● **Collected data**
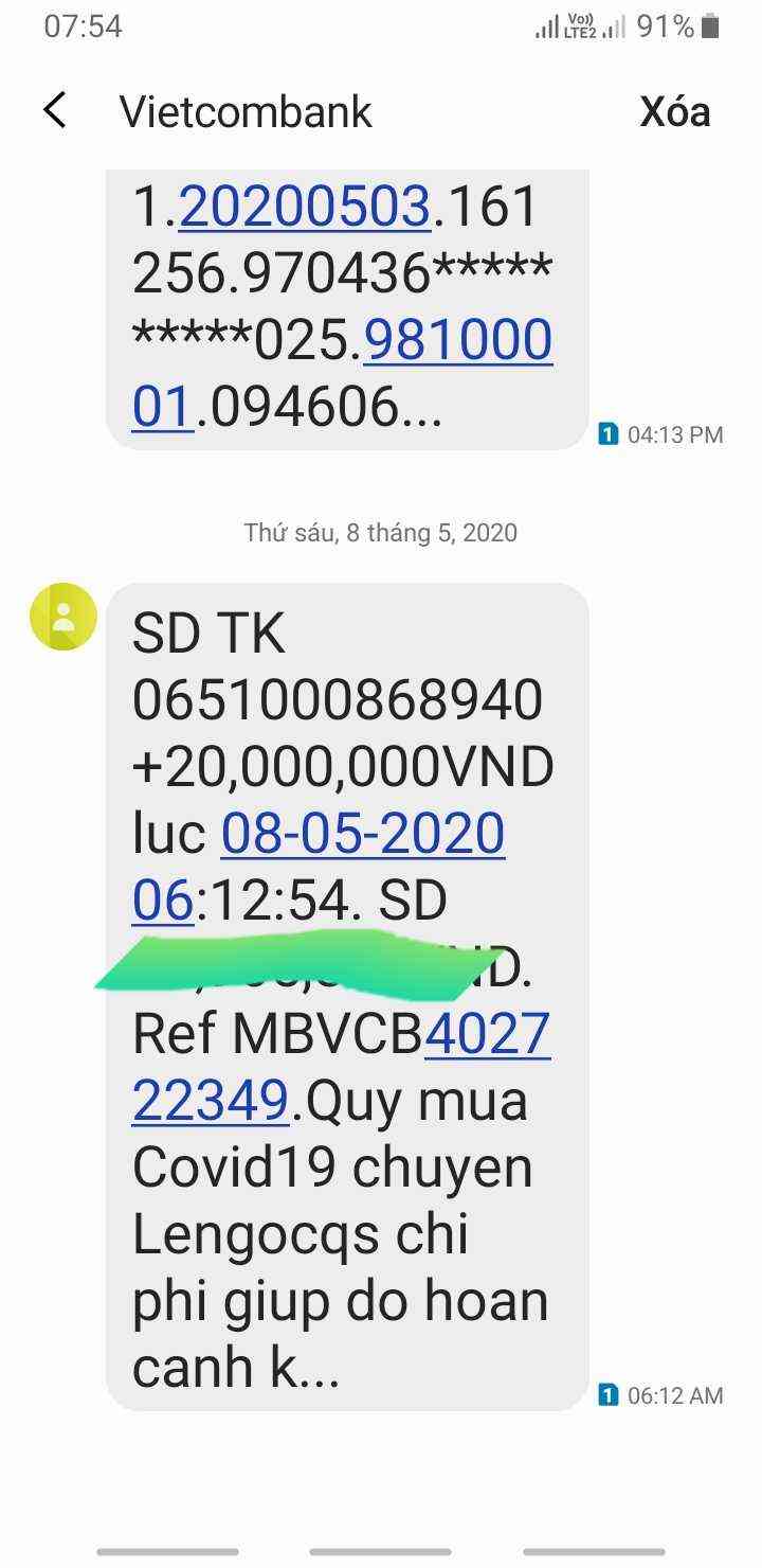 Quỹ ủng hộ khó khăn mùa Covid 19 đã chuyển TK Lengoqs 20,000,000₫ để thực hiện chương trình .
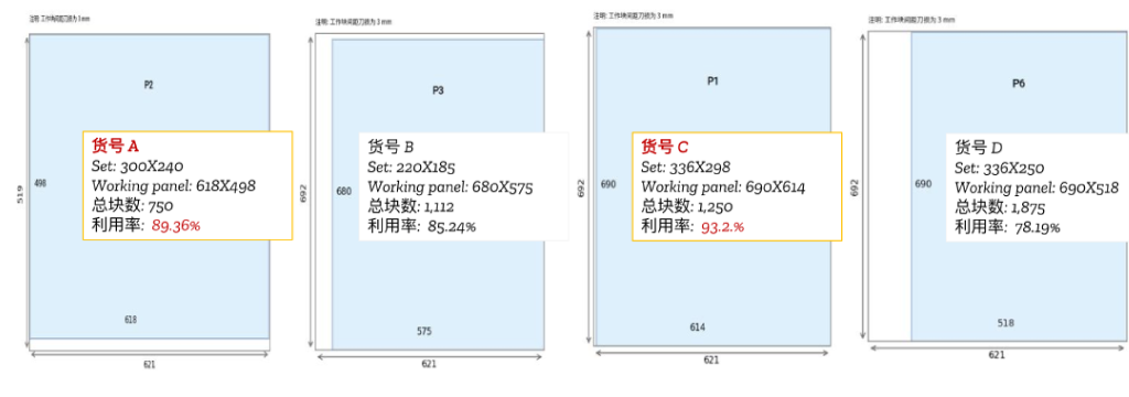 Therefore, to increase the unit price and reduce the laminate cost, we should start from the utilization rate of the net saleable area. It is vital to understand how the net saleable area utilization is calculated and the distinction with the utilization rate in production working panel. High utilization rate in the production does not help your income at all.
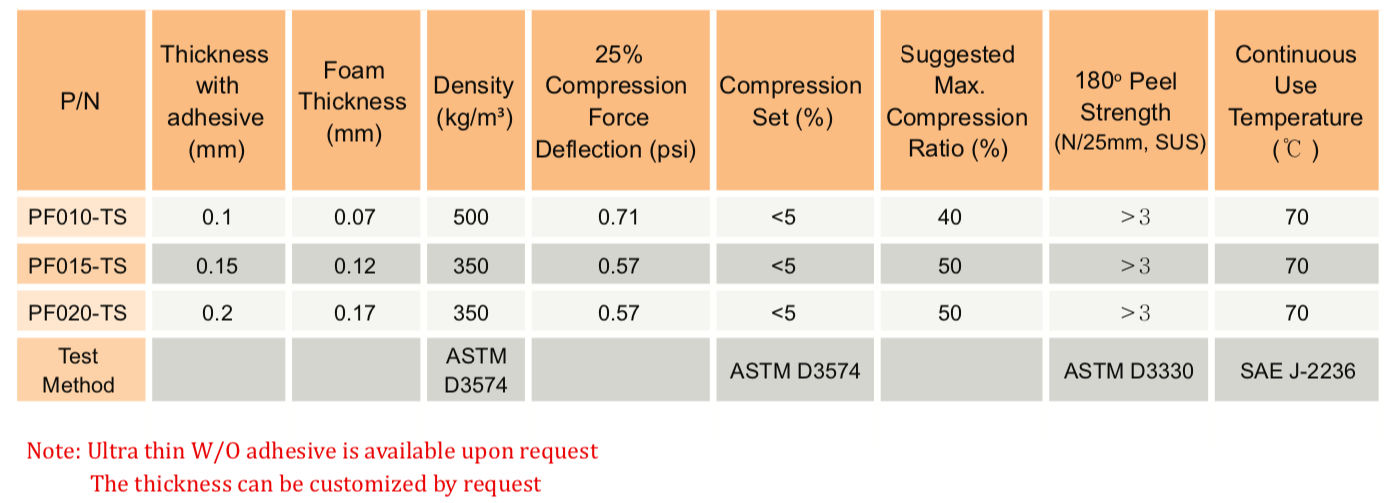 TM PF-TS系列是一種超薄、高性能的泡棉,用于電子設備的緩沖、保護性密封和長期間隙填充。PF-TS系列具有極低的壓縮永久變形、高密封性能和優異的沖擊吸收性能。標準顏色為黑色,可根據要求提供其他顏色。PF-TS系列涂有壓花微通道粘合劑,以便在應用過程中從粘合劑和基材之間排出空氣。" />
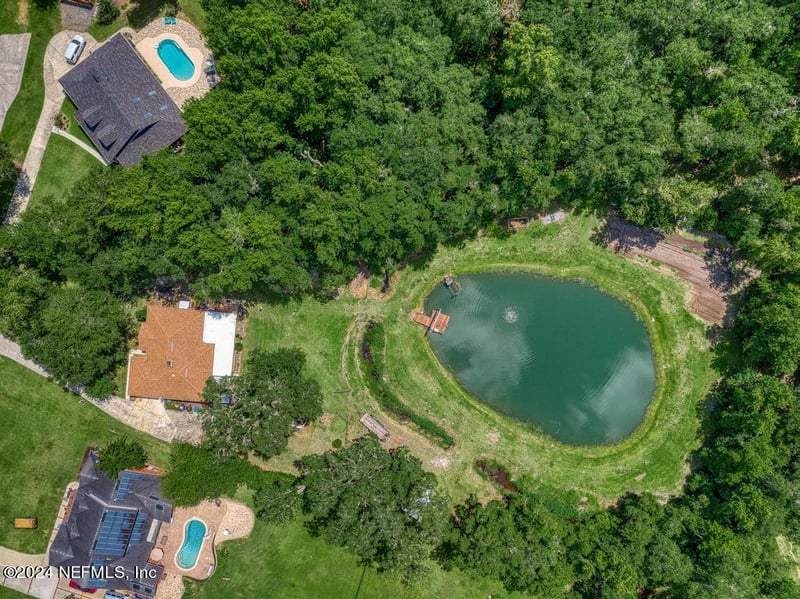 Listing details for 1242 King James Pl, Jacksonville, FL 32218 : Welcome to your picturesque retreat nestled at the end of a peaceful cul de sac, boasting 2.3 acres of meticulously landscaped grounds and a wealth of outdoor amenities. A serene man-made pond with a charming fishing dock sets the scene for tranquil afternoons. An established garden and shaded picnic area offer perfect spots for relaxation and gatherings. Three spacious outdoor sheds provide ample storage for all your outdoor equipment and toys. The expansive Florida room, screened lanai, and covered deck extend your living space outdoors, ideal for hosting gatherings or simply soaking in the peaceful surroundings. Grab your paddle boat and explore the pond--it's your invitation to unwind and stay a while. Surrounded by lush trees and wooded areas, this property ensures privacy and serenity. NO HOA! Inside, the home offers a perfect blend of comfort and functionality. Four bedrooms, including a secluded master suite, provide ample space for relaxation and privacy. The master bedroom features a large ensuite bathroom and a walk-in closet, offering convenience and luxury. A well-appointed office off the back of the home provides a peaceful workspace or hobby area. The open concept design seamlessly connects the kitchen, which overlooks the spacious family room, creating a warm and inviting atmosphere for gatherings and everyday living. Whether you're seeking a serene retreat or a place to entertain and create memories, this rare beauty offers it all.
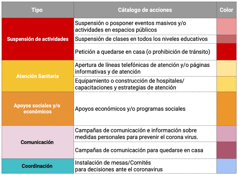 No obstante, hasta hoy, el gobierno federal y los locales han tomado decisiones distintas, distantes y en diferentes tiempos. Por ejemplo, la suspensión de clases o de eventos masivos ha ocurrido en diferentes momentos (LT color rojo). Incluso, en algunas entidades, se instauraron medidas como la cárcel ante incumplimiento de aislamiento (Chihuahua), o toques de queda “para combatir los efectos del Covid-19” (hasta el 24 de marzo, 16 municipios en Sonora).

● **Work order**
Copy out all the data above exactly as written. Skip the pictures.

● **Task output**
 Quỹ ủng hộ khó khăn mùa Covid 19 đã chuyển TK Lengoqs 20,000,000₫ để thực hiện chương trình .
 Therefore, to increase the unit price and reduce the laminate cost, we should start from the utilization rate of the net saleable area. It is vital to understand how the net saleable area utilization is calculated and the distinction with the utilization rate in production working panel. High utilization rate in the production does not help your income at all.
 TM PF-TS系列是一種超薄、高性能的泡棉,用于電子設備的緩沖、保護性密封和長期間隙填充。PF-TS系列具有極低的壓縮永久變形、高密封性能和優異的沖擊吸收性能。標準顏色為黑色,可根據要求提供其他顏色。PF-TS系列涂有壓花微通道粘合劑,以便在應用過程中從粘合劑和基材之間排出空氣。" />
 Listing details for 1242 King James Pl, Jacksonville, FL 32218 : Welcome to your picturesque retreat nestled at the end of a peaceful cul de sac, boasting 2.3 acres of meticulously landscaped grounds and a wealth of outdoor amenities. A serene man-made pond with a charming fishing dock sets the scene for tranquil afternoons. An established garden and shaded picnic area offer perfect spots for relaxation and gatherings. Three spacious outdoor sheds provide ample storage for all your outdoor equipment and toys. The expansive Florida room, screened lanai, and covered deck extend your living space outdoors, ideal for hosting gatherings or simply soaking in the peaceful surroundings. Grab your paddle boat and explore the pond--it's your invitation to unwind and stay a while. Surrounded by lush trees and wooded areas, this property ensures privacy and serenity. NO HOA! Inside, the home offers a perfect blend of comfort and functionality. Four bedrooms, including a secluded master suite, provide ample space for relaxation and privacy. The master bedroom features a large ensuite bathroom and a walk-in closet, offering convenience and luxury. A well-appointed office off the back of the home provides a peaceful workspace or hobby area. The open concept design seamlessly connects the kitchen, which overlooks the spacious family room, creating a warm and inviting atmosphere for gatherings and everyday living. Whether you're seeking a serene retreat or a place to entertain and create memories, this rare beauty offers it all.
 No obstante, hasta hoy, el gobierno federal y los locales han tomado decisiones distintas, distantes y en diferentes tiempos. Por ejemplo, la suspensión de clases o de eventos masivos ha ocurrido en diferentes momentos (LT color rojo). Incluso, en algunas entidades, se instauraron medidas como la cárcel ante incumplimiento de aislamiento (Chihuahua), o toques de queda “para combatir los efectos del Covid-19” (hasta el 24 de marzo, 16 municipios en Sonora).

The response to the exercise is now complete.